Editorial: No time to lose resolve in fight against coronavirus

Tribune Content Agency

We continue to learn that what we don’t know about the novel coronavirus eclipses what we do know.

That was reinforced last week in California’s Bay Area with separate findings for Santa Clara County indicating that the infection rate is higher than first thought; that more people have died from COVID-19 than previously known; and that the nation’s first death occurred here on Feb. 6, suggesting the virus could have been circulating in the United States as far back as December.

The findings add more information as medical experts struggle with limited data to determine the infection rate and lethality of COVID-19, warn against premature reopening of the nation, and work furiously to find treatments and a vaccine.

Meanwhile, President Donald Trump swings wildly from words of caution to calls for civil disobedience while lacing his daily briefings with his personal, unscientific musings about the longevity of the virus and his reckless prescriptions for combating it.

As a result on Friday: Georgia’s governor, against the advice of public health experts, began rapidly reopening his state for businesses, something the president at first supported and then criticized. The U.S. Food and Drug Administration warned against use of a drug, which Trump has been touting, outside a hospital setting or a clinical trial due to risk of heart rhythm problems. And the makers of Clorox and Lysol felt compelled to issue warnings against ingesting bleach and other disinfectants.

Fortunately, most state officials across the country are ignoring Trump and listening to the medical experts.
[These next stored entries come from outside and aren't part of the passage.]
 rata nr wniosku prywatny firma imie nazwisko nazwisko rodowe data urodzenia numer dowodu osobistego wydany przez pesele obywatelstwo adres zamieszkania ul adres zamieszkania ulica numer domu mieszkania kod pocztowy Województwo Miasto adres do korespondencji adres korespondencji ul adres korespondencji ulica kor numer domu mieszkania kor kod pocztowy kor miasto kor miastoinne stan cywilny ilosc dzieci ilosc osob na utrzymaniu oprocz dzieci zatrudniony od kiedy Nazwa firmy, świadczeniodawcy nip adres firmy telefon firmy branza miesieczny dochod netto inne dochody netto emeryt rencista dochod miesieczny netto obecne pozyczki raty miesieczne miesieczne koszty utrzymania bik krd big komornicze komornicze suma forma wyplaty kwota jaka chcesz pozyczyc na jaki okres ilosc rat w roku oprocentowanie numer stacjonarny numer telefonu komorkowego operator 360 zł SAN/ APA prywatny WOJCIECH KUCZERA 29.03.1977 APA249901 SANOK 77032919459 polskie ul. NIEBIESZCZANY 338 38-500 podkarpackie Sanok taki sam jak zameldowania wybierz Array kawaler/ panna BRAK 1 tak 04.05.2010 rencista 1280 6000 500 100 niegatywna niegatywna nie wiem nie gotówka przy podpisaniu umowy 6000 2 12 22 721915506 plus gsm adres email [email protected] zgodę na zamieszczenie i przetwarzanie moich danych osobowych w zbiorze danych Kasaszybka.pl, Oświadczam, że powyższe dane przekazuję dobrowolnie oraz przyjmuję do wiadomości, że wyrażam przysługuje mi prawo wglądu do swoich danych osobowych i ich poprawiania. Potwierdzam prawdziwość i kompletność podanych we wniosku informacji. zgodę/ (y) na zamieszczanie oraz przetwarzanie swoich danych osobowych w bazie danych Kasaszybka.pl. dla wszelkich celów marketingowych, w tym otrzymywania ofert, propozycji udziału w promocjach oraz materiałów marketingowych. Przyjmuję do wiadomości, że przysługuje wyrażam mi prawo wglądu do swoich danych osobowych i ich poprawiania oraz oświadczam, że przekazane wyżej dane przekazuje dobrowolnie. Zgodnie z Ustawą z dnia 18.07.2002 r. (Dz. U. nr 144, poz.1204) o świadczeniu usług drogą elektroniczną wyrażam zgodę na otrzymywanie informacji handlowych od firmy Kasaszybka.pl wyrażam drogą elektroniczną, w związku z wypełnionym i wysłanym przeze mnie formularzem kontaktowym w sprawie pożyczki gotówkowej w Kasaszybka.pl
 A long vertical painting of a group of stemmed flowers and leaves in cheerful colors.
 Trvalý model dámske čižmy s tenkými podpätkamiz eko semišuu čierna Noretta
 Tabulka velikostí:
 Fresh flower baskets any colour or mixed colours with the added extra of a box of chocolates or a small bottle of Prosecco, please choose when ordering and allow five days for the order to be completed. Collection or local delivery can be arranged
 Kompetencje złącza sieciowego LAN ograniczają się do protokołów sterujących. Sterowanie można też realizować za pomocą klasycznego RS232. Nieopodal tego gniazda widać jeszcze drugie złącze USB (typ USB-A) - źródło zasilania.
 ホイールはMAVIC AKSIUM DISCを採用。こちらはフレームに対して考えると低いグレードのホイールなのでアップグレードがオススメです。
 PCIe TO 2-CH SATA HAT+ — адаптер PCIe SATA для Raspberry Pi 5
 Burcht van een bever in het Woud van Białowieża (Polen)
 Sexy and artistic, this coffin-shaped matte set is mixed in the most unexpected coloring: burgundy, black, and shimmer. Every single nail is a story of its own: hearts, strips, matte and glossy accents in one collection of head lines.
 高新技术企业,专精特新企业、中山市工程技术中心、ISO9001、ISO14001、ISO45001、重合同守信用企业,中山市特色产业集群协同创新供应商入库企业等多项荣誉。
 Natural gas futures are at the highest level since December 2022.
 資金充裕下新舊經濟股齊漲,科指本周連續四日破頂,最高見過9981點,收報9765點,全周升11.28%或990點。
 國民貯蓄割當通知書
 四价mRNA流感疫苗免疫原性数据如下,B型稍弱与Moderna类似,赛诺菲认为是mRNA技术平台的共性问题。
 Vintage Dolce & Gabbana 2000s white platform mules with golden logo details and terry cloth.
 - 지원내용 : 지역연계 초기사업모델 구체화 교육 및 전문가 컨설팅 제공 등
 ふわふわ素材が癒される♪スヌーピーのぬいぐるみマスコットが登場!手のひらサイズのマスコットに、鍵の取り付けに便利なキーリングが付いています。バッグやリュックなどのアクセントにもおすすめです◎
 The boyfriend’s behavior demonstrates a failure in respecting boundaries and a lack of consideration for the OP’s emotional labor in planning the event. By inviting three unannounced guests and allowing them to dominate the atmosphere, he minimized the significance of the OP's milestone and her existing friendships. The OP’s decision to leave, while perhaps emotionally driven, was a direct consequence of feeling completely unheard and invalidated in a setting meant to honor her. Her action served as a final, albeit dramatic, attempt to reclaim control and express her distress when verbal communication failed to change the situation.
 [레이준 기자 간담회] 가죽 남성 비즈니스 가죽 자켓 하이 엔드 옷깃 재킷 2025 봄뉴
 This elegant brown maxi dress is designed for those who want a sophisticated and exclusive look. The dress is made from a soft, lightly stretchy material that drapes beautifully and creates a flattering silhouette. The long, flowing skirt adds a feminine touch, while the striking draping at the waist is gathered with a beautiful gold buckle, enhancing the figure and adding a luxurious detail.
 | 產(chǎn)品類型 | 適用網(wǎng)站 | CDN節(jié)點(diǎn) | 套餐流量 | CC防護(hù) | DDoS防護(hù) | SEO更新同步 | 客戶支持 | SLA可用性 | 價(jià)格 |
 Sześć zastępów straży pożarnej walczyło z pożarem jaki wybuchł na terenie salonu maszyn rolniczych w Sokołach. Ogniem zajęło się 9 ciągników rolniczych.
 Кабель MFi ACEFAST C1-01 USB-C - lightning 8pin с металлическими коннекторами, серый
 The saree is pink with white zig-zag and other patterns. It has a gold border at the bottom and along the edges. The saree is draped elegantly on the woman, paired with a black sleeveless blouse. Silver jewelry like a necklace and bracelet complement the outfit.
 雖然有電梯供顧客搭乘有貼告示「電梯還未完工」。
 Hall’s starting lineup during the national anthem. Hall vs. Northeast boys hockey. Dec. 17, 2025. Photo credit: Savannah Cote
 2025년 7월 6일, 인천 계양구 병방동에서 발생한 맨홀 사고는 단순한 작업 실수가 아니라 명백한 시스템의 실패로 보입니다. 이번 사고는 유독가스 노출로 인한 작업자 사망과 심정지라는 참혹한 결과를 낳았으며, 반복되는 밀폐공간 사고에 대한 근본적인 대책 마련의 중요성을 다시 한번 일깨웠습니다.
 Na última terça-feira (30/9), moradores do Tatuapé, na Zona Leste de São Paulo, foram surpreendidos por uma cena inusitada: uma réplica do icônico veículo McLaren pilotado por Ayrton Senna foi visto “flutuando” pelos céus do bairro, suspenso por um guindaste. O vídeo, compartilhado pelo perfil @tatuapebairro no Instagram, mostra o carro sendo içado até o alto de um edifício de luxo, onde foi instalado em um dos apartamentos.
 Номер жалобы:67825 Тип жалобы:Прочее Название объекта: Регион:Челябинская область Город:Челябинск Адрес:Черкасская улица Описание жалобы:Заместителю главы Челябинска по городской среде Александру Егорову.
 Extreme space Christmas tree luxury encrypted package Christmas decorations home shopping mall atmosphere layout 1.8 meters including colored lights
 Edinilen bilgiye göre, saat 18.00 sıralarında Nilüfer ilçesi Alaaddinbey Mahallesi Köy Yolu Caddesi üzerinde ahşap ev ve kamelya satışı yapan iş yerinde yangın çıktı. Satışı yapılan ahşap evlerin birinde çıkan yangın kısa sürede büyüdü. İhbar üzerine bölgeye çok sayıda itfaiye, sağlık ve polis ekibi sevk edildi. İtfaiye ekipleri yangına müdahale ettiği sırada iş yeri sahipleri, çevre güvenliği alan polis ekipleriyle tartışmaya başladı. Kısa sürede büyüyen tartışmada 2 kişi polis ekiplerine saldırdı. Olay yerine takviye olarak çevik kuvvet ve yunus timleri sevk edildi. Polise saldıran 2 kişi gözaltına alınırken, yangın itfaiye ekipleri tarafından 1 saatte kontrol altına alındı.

Unfortunately, some are not. And, as we know all too well, the coronavirus does not respect city, state or national boundaries.

It’s clear, despite Trump’s wishful, politically motivated thinking to the contrary, that the fight against coronavirus will almost certainly continue for the rest of this year. The more we distance, the greater the likelihood that we can tamp down the severity.

What we don’t know is how pervasive the spread will be nor how deadly the disease will prove. We know that it’s highly contagious and transmitted by people regardless of whether they show symptoms of their infections.

We don’t even know how widely the disease has already disseminated or how many people have already died from it. The Santa Clara County findings add new data points but probably don’t change the underlying point that the virus is more deadly and more contagious than the seasonal flu.

We probably won’t know the true death rate until the pandemic ends. In the meantime, as Dr. Robert Redfield, the director of the Centers for Disease Control and Prevention, warned, we face a likelihood of the flu and coronavirus striking simultaneously in the fall.

This is no time to lose our resolve. Polling across the nation shows Americans understand the importance of making public health the top priority.

They’re putting their trust in the science and the health experts, who continue to unravel the mysteries of COVID-19. That’s as it should be.